The drop in the jobless rate to a three-month low of 5.2 percent confounded expectations of a rise to 5.5 percent and could calm concerns that unemployment was bound to increase in coming months amid a slowing economy. The market slightly lengthened the odds of further cuts in interest rates after the Reserve Bank of Australia (RBA) eased a quarter point this week, taking the cash rate back to the record lows of 3 percent touched during the global financial crisis.
"The headlines are much better than expected," said Matthew Johnson, an interest rate strategist at UBS. "This labour market report puts the higher unemployment rate a little further away." "The details are probably not as big a change as headlines suggest, but it makes it more difficult to see the RBA moving rates in February. The RBA will need to see a higher unemployment rate and very low inflation to cut again in February."

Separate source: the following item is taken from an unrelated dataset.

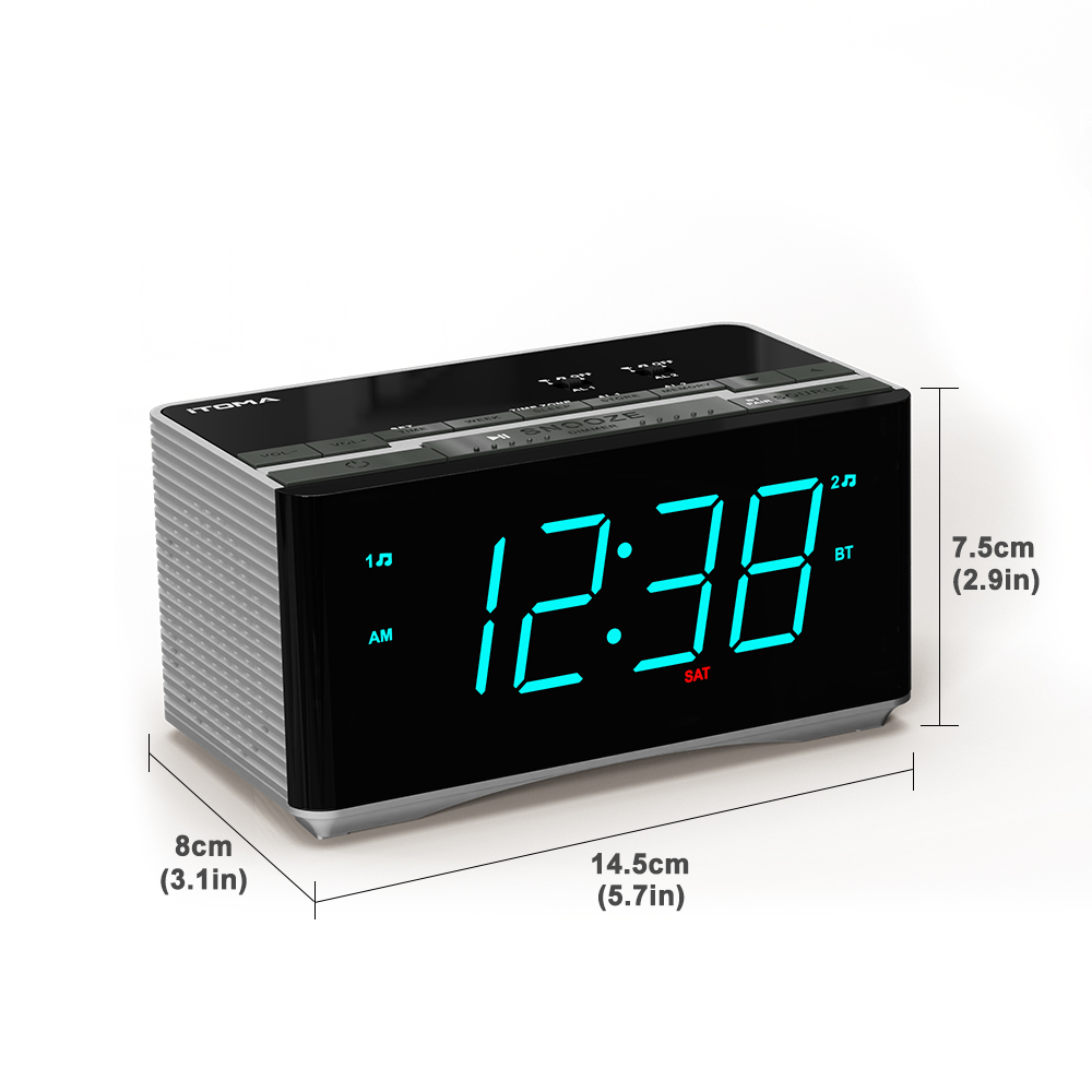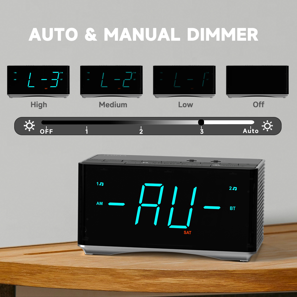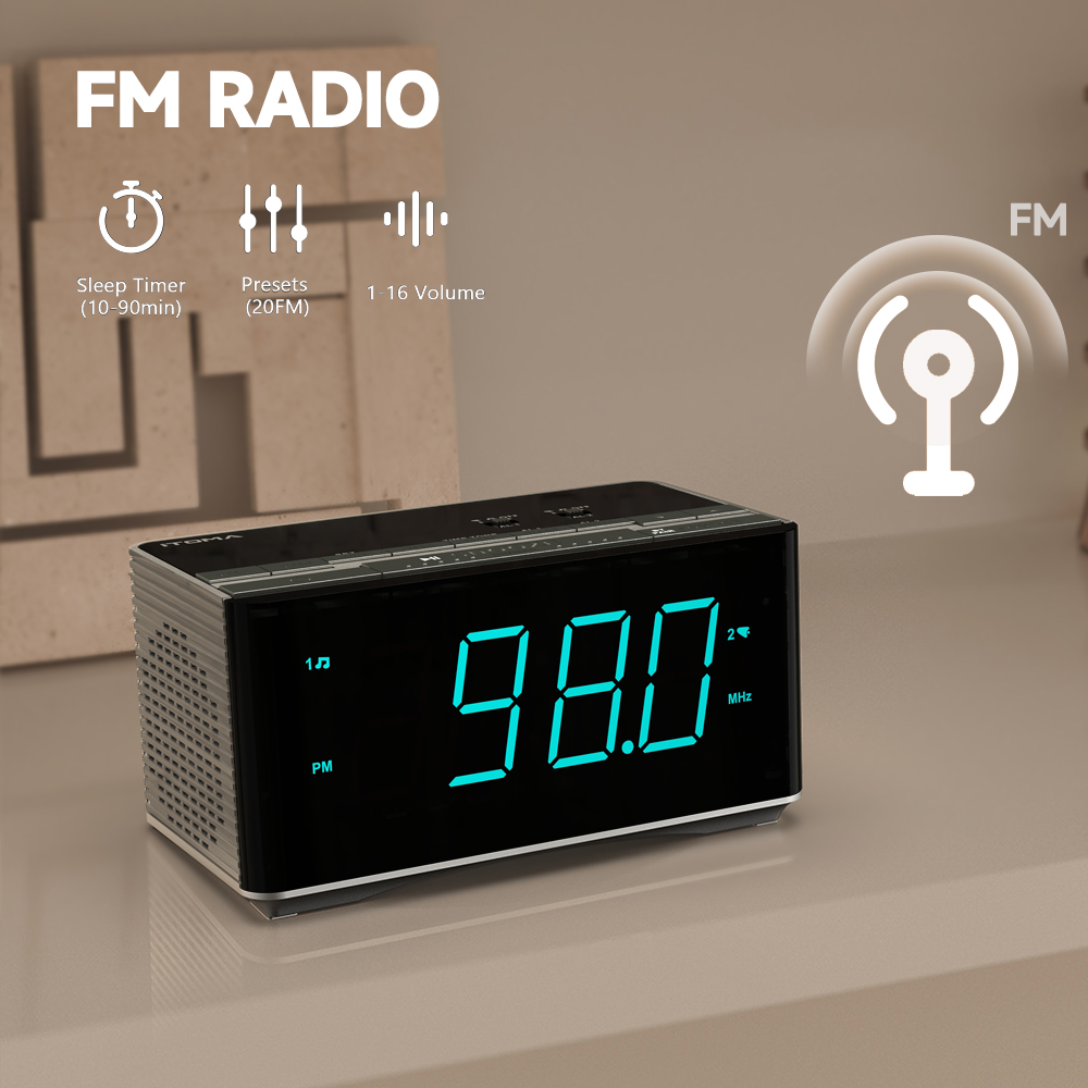This wireless alarm clock radio features integrated stereo speakers and an FM radio tuner for high-quality sound and entertainment. It includes dual alarms for flexible time management, along with a built-in USB charger to power your devices conveniently. The adjustable dimmer allows customization of the display brightness, making it suitable for bedroom, office, or desk environments. Its compact design combines functionality and modern technology to enhance daily routines with ease and reliability.

Interbank futures Slipped to show a 42 percent chance of a move at the RBA's next policy meeting in February. Swap rates pared the probability to 52 percent, from 62 percent before the data. The figures seemed to support RBA expectations that the unemployment rate would only rise "a little further" in coming months. Many analysts had seen a risk it could increase steadily toward 6 percent as a boom in mining investment begins to plateau next year.

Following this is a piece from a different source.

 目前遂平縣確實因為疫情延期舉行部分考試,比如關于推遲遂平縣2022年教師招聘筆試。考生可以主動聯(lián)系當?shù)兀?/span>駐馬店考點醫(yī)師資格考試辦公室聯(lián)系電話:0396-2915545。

Those worries had been stoked by Wednesday's data on gross domestic product (GDP), which showed the economy grew at the slowest pace in a year-and-a-half last quarter. Crucially, sharply lower export earnings hit incomes across the economy, from profits to wages and tax receipts, and threaten to put upward pressure on unemployment. "With mining investment slowing, the economy needs to generate more growth in other industries to avoid a faster-than -expected rise in unemployment," said UBS Scott Haslem, an economist at UBS. The pick-up in hiring in November lifted annual employment growth to 1.1 percent, from 0.9 percent in October, bringing it nearer the historical trend of around 1.5 percent.